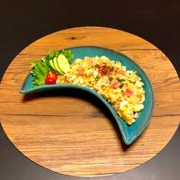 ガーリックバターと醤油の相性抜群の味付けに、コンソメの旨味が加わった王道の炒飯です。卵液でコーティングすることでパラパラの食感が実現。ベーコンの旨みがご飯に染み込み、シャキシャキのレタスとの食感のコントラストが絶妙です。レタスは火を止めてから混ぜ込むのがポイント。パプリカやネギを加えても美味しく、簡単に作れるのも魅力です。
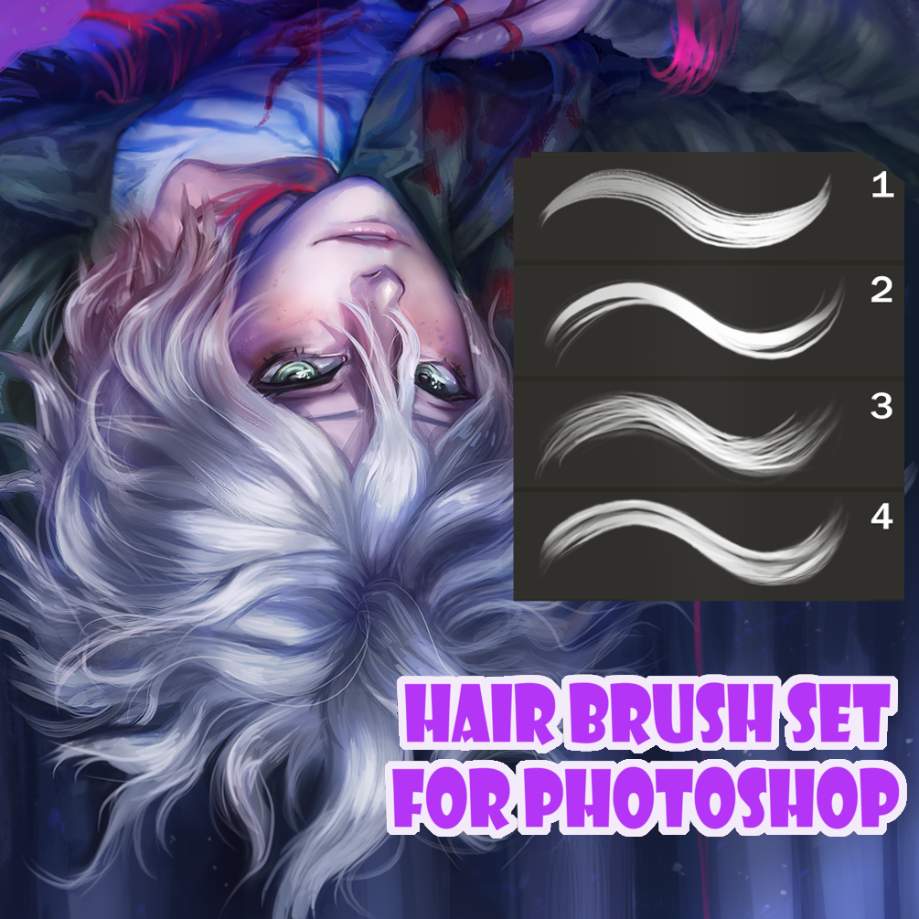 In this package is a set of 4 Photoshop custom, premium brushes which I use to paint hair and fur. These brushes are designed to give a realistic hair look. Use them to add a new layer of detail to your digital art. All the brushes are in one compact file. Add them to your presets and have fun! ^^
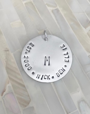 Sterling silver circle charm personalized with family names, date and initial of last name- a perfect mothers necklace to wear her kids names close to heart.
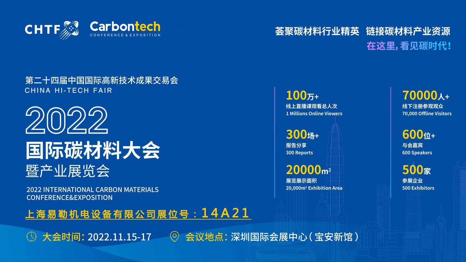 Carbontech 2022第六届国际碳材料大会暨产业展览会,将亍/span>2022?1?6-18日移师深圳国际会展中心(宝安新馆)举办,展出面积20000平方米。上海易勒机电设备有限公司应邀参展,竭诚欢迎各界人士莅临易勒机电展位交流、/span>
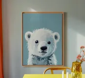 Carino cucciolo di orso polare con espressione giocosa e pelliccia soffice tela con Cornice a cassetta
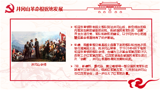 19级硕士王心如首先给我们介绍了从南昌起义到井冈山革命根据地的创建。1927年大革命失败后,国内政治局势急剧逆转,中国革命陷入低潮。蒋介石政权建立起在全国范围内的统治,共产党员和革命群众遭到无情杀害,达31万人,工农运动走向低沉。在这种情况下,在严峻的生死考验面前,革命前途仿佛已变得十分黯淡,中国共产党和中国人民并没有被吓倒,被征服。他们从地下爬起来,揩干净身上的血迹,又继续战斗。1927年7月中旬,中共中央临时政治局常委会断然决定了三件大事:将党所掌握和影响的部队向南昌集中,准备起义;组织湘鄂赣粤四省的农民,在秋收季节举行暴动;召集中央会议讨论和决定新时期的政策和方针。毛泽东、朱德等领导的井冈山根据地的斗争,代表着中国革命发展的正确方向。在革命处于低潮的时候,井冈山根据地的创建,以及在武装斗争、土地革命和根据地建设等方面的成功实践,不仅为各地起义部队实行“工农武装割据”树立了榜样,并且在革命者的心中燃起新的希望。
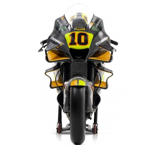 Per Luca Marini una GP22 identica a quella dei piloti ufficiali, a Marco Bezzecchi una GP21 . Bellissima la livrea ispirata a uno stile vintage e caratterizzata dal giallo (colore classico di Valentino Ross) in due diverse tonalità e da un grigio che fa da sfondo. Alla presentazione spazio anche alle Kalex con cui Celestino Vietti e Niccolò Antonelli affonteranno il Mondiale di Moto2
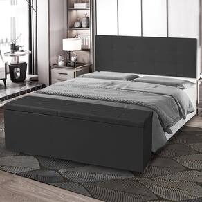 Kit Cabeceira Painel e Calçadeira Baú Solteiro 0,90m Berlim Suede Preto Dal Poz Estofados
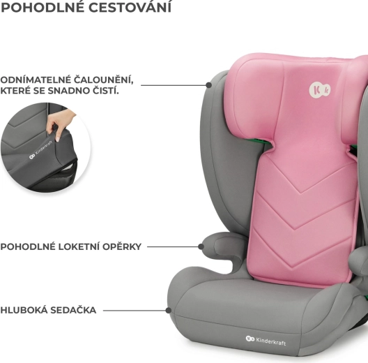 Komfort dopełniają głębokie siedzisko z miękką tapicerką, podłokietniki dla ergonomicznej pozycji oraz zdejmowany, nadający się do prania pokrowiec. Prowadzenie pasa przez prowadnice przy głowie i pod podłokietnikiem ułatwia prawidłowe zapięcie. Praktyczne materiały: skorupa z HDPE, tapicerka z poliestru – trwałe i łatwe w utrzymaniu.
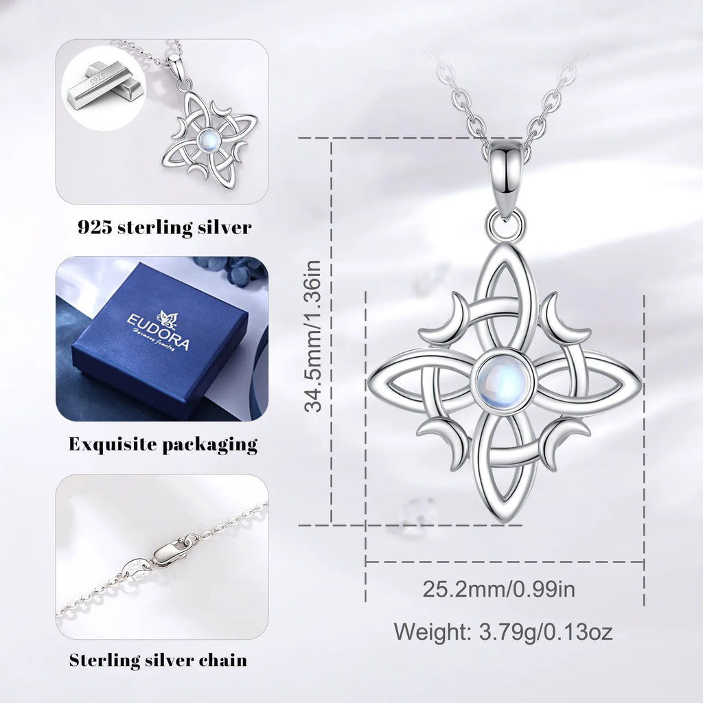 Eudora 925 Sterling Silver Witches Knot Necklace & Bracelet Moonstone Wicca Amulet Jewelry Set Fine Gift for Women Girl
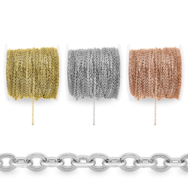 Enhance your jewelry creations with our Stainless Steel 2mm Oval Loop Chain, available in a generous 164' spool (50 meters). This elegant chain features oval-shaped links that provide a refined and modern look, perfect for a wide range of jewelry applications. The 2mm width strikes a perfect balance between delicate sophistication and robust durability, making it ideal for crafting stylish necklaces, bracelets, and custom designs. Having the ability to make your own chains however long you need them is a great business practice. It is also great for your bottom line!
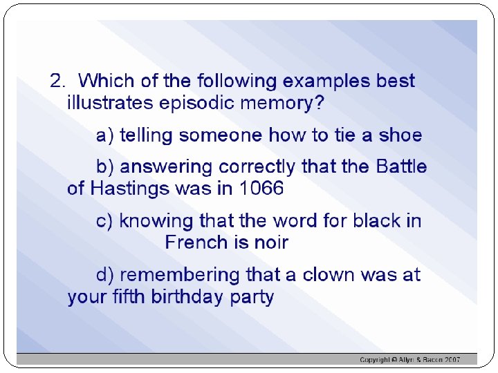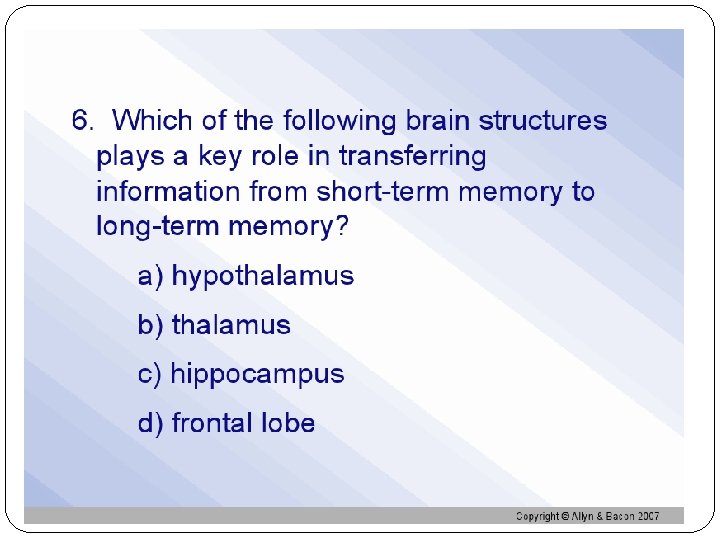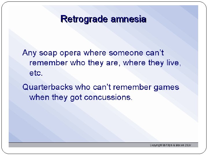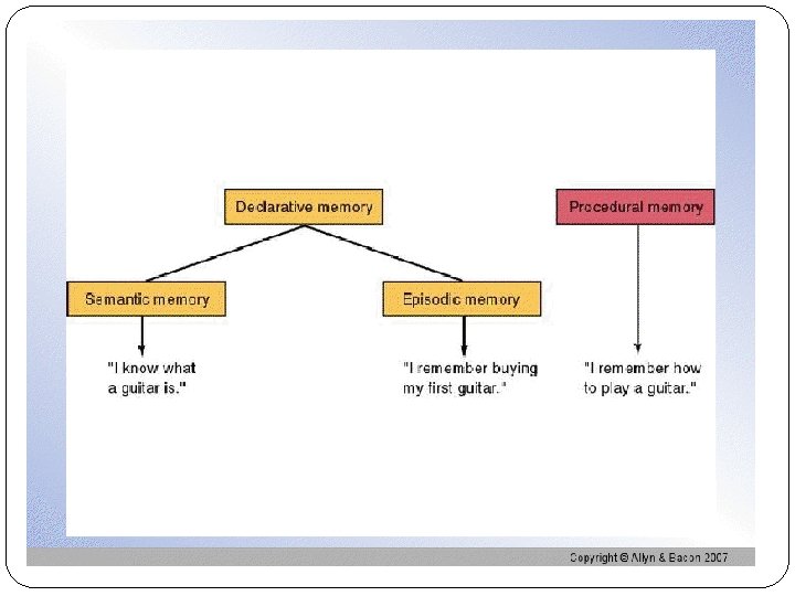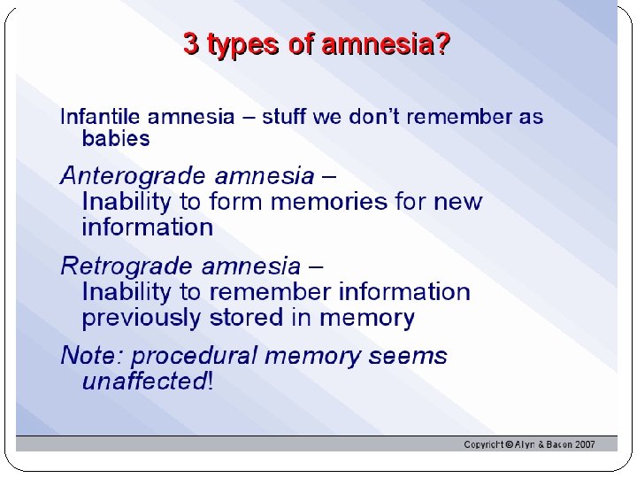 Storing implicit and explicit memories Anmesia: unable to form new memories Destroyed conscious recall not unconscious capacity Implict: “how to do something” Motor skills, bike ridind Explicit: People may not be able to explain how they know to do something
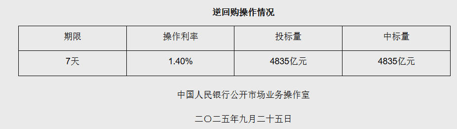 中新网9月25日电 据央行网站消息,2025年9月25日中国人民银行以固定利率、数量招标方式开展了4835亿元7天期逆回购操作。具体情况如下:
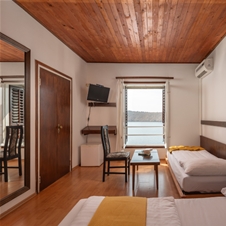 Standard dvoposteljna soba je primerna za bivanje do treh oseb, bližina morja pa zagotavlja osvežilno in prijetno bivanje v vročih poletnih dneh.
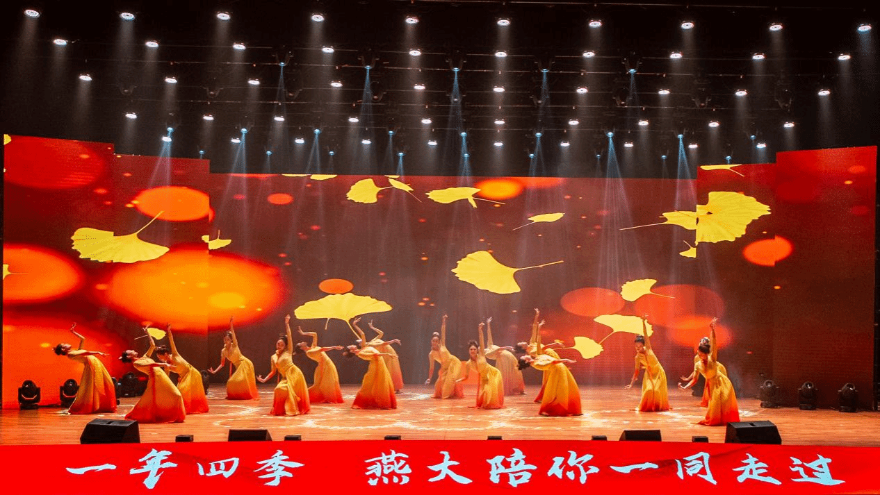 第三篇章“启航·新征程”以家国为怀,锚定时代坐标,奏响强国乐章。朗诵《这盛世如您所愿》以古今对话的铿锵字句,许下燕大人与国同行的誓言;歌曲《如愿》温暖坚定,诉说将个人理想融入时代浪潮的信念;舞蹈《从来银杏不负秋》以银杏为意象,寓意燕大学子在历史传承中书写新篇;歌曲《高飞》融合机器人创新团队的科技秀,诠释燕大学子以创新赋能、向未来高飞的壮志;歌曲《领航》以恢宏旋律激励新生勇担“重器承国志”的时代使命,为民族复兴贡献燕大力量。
========
Task directions →
Pictures stay out of the copy. Reproduce exactly the lines from the one containing "Standard dvoposteljna soba" through the last line of the records above, both included.

Response →
 Standard dvoposteljna soba je primerna za bivanje do treh oseb, bližina morja pa zagotavlja osvežilno in prijetno bivanje v vročih poletnih dneh.
 第三篇章“启航·新征程”以家国为怀,锚定时代坐标,奏响强国乐章。朗诵《这盛世如您所愿》以古今对话的铿锵字句,许下燕大人与国同行的誓言;歌曲《如愿》温暖坚定,诉说将个人理想融入时代浪潮的信念;舞蹈《从来银杏不负秋》以银杏为意象,寓意燕大学子在历史传承中书写新篇;歌曲《高飞》融合机器人创新团队的科技秀,诠释燕大学子以创新赋能、向未来高飞的壮志;歌曲《领航》以恢宏旋律激励新生勇担“重器承国志”的时代使命,为民族复兴贡献燕大力量。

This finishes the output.